A Worker instance configured as a workspace.

@staticmethod
def run_task( file_name: str, files_path: str | None = None, worker_config: WorkerConfig | str | dict | None = None, terminate_on_completion: bool = True, capture_task_output: bool = True, python_venv_name: str | None = None, max_files_to_upload: int = 250, *args, **kwargs) -> tuple[Worker | None, bool]:

Runs a specified script (Python or shell) as a "task" on a newly created remote worker.

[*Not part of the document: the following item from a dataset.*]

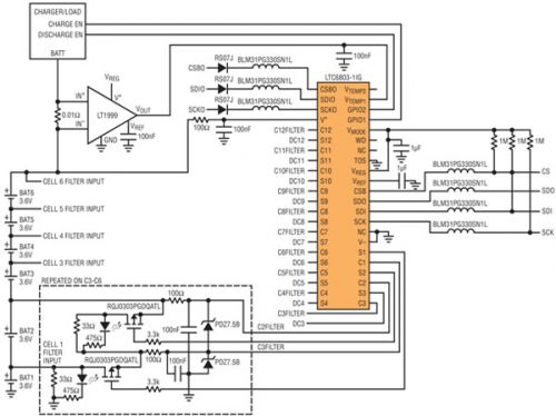 圖 1:6 節(jié)電池監(jiān)視系統(tǒng)的簡(jiǎn)化原理圖。LTC6803 測(cè)量電池電壓并

Common uses include running batch jobs, scheduled tasks, or CI/CD pipeline steps in a controlled environment.

Parameters:

  • file_name (str): The path to the script to run (e.g. "run_analysis.py" or "deploy.sh").
  • files_path (str | None): The directory containing all necessary files to upload. If None, uses current directory.
  • worker_config (WorkerConfig | str | dict | None): Configuration for the worker to run this task.
  • terminate_on_completion (bool): If True, the worker is terminated after the task finishes.
  • capture_task_output (bool): If True, captures and logs stdout/stderr from the task's execution.
  • python_venv_name (str | None): Name of the Python virtual environment on the worker to use.
  • max_files_to_upload (int): Maximum number of files to upload from files_path.
Returns

A tuple of (Worker, bool) where Worker is the worker used or created for this task, and bool indicates if the task succeeded.